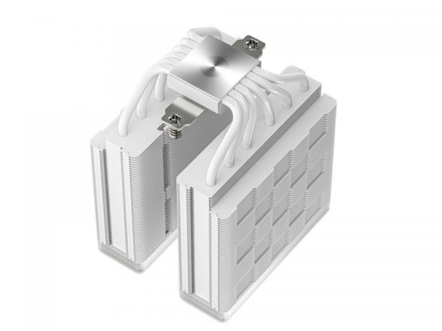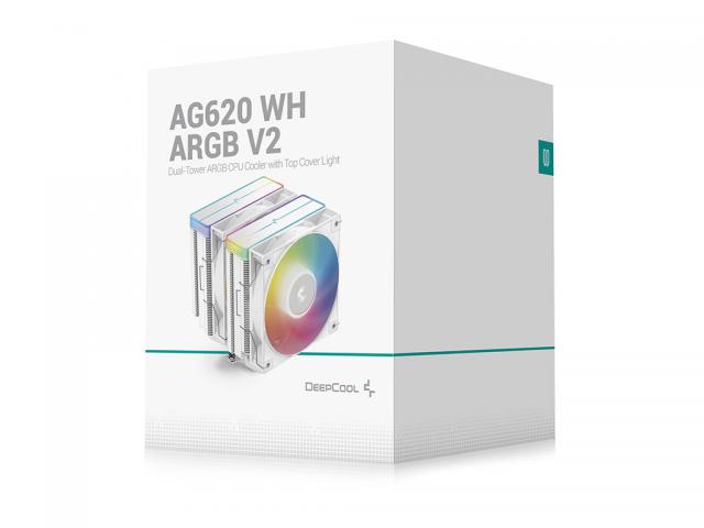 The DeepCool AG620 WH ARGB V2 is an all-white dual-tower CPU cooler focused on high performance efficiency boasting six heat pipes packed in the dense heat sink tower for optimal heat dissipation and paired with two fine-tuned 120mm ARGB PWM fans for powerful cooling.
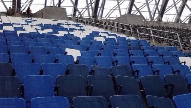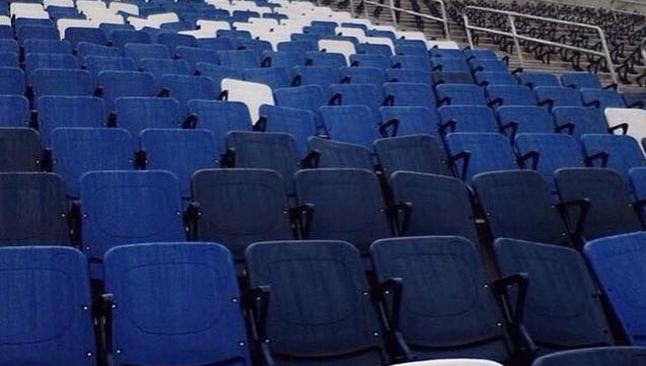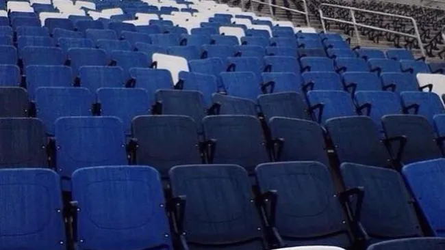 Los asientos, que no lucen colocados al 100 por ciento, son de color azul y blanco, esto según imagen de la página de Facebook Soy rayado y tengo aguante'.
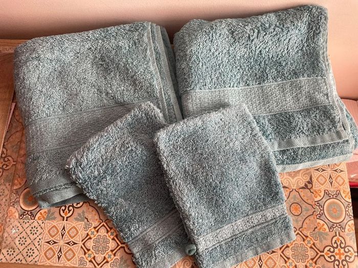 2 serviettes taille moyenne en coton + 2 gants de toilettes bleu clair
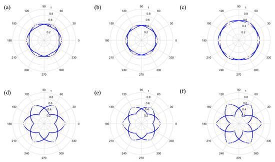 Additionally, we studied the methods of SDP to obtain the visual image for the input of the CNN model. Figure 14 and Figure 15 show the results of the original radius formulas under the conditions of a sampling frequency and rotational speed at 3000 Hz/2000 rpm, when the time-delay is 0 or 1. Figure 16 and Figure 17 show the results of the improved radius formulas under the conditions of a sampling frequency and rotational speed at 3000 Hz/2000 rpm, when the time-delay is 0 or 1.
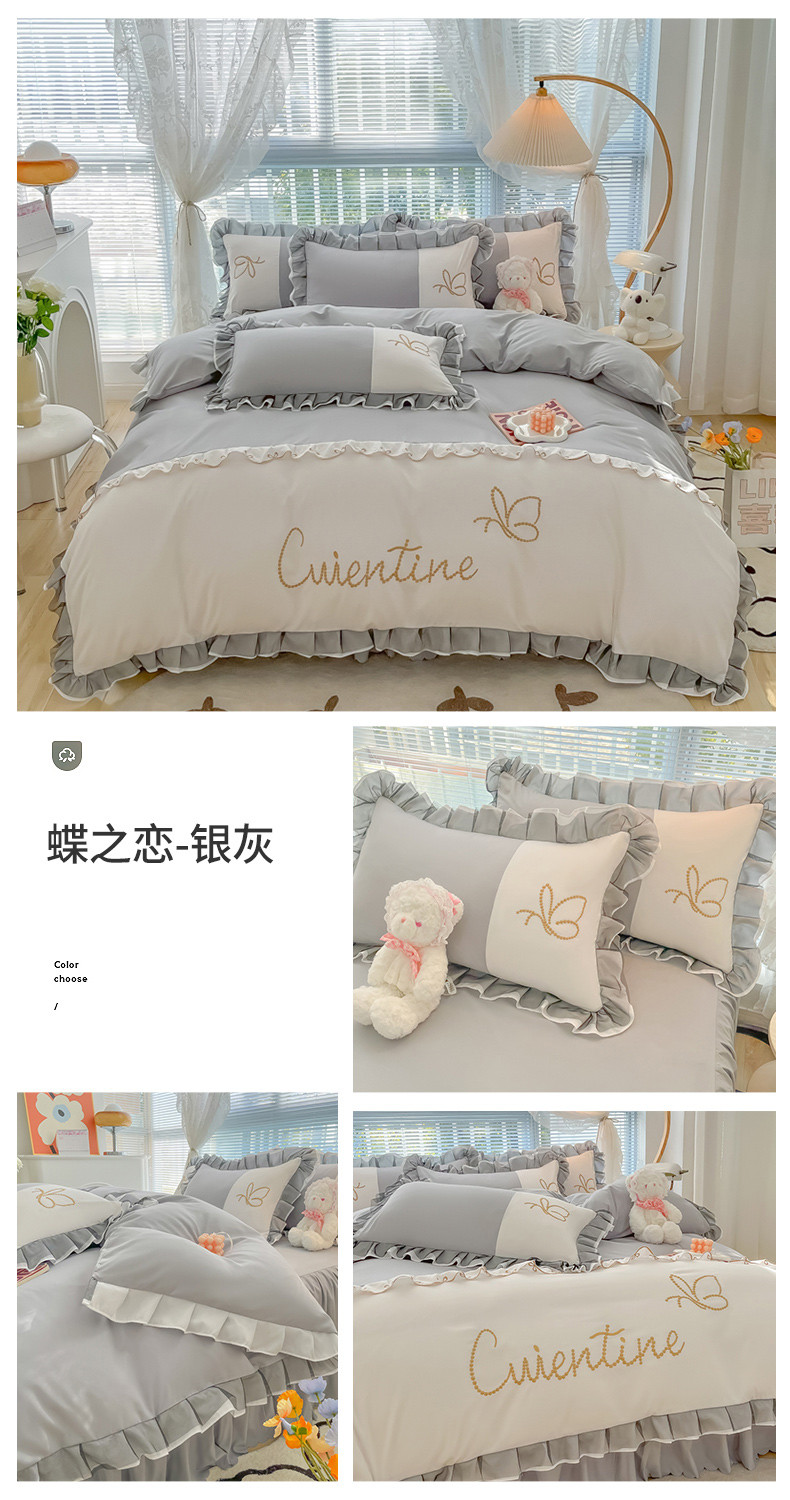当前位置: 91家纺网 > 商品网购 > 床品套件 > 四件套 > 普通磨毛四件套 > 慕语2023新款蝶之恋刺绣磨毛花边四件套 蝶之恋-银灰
────────────────────────────────────────
The entries above are to be reproduced exactly, with the pictures dropped.

 The DeepCool AG620 WH ARGB V2 is an all-white dual-tower CPU cooler focused on high performance efficiency boasting six heat pipes packed in the dense heat sink tower for optimal heat dissipation and paired with two fine-tuned 120mm ARGB PWM fans for powerful cooling.
 Los asientos, que no lucen colocados al 100 por ciento, son de color azul y blanco, esto según imagen de la página de Facebook Soy rayado y tengo aguante'.
 2 serviettes taille moyenne en coton + 2 gants de toilettes bleu clair
 Additionally, we studied the methods of SDP to obtain the visual image for the input of the CNN model. Figure 14 and Figure 15 show the results of the original radius formulas under the conditions of a sampling frequency and rotational speed at 3000 Hz/2000 rpm, when the time-delay is 0 or 1. Figure 16 and Figure 17 show the results of the improved radius formulas under the conditions of a sampling frequency and rotational speed at 3000 Hz/2000 rpm, when the time-delay is 0 or 1.
当前位置: 91家纺网 > 商品网购 > 床品套件 > 四件套 > 普通磨毛四件套 > 慕语2023新款蝶之恋刺绣磨毛花边四件套 蝶之恋-银灰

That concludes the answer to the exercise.